Specifically, there are tables for the metrics, mappings, meters
and contexts. The abstractions support sharing of mappings and the
polymorphism of the metrics, which are mechanisms used to make the
definition and computation of metrics simple, efficient and
flexible.
[0059] The SLA computation engine 106 evaluates the Web service
status data 108 against the SLAs set forth in the SLA definition
database 104. In an example embodiment, the Web service status data
108 may be evaluated in accordance with the methods described in
the co-pending patent application entitled, "DISPLAYING METRICS
FROM AN ALTERNATIVE REPRESENTATION OF A DATABASE" by Casati et al.,
which was filed on Jan. 21, 2004, attorney docket number,
200310151-1, and is incorporated herein by reference.
[0060] Depending on the Web service, the service status data 108
may be centralized in a single database or distributed amongst
several sites in several databases. Correlation of the status data
between distributed stages of a composite Web service may be
accomplished with the techniques described in the patent
application Ser. No. 10/412,497 entitled, "Correlation of Web
Service Interactions in Composite Web Services," by Sayal et al.,
filed on Apr. 11, 2003, and incorporated herein by reference.

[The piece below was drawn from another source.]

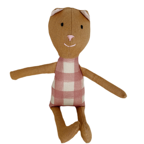Cotton /Linen fabrics with Poly filling. Gingham Cat is made of 100% linen, with a linen body, perfect for hugs and garden adventures.
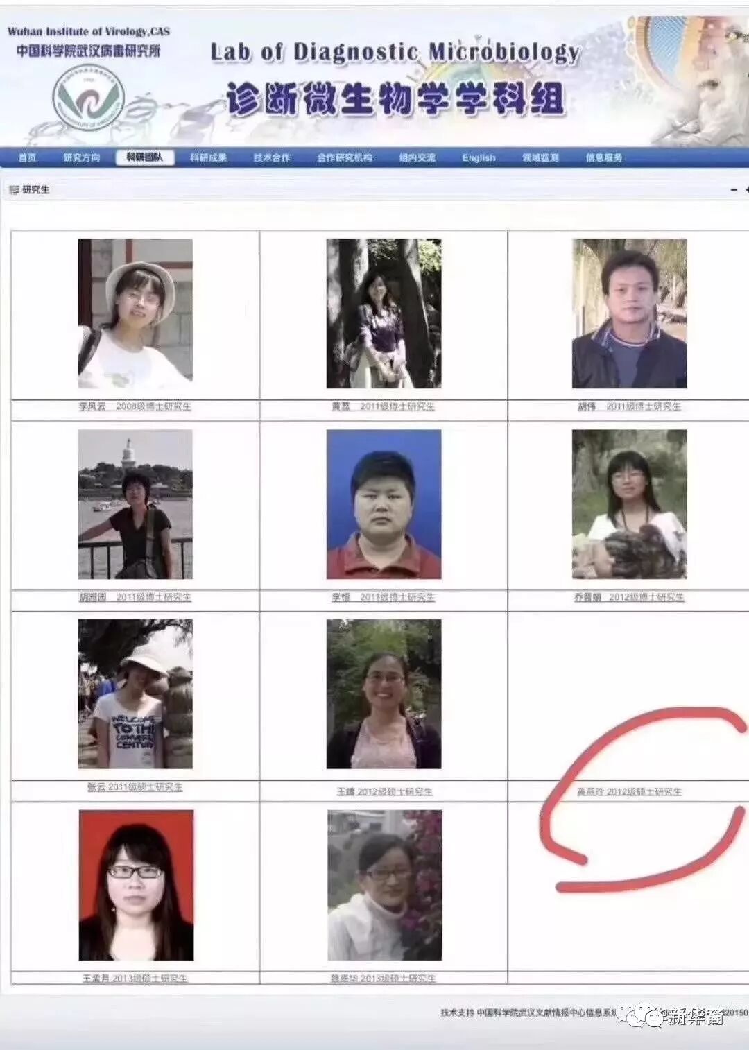 有人搜索到武汉病毒所官网上的“诊断微生物学学科组”网页,发现研究生名单上,黄燕玲赫然有名,就是没有照片,就是看不到人。有传言说她在工作岗位上感染新冠病毒肺炎离世了,但没有得到证实。

[0061] The aggregate data of SLA violations as determined from the
Web service status data 108 is stored in a database of SLA
violations 110. The database associates information such as the
identifier of each process instance, the identifier of the metric
underlying the SLA, and the value of the metric for the process
instance.
[0062] Reporting tool 112 is available to report each individual
SLA that has been violated along with the process instances that
resulted in the violations. The reporting tool may display
statistics such as the number of violations by type of Web service,
by customer, by time or by another implementation-specific
parameter.
[0063] SLA explanation and prediction tool 114 produces explanation
and prediction models from the SLA violation information 110, Web
service status data 108, and definitions 116 of a composite Web
service. Explanation of SLA violations refers to communicating
information about patterns found in the status data 108 of complete
process instances that have violated SLAs. Prediction of an SLA
violation refers to communicating information that indicates the
likelihood that an active process instance will violate an SLA.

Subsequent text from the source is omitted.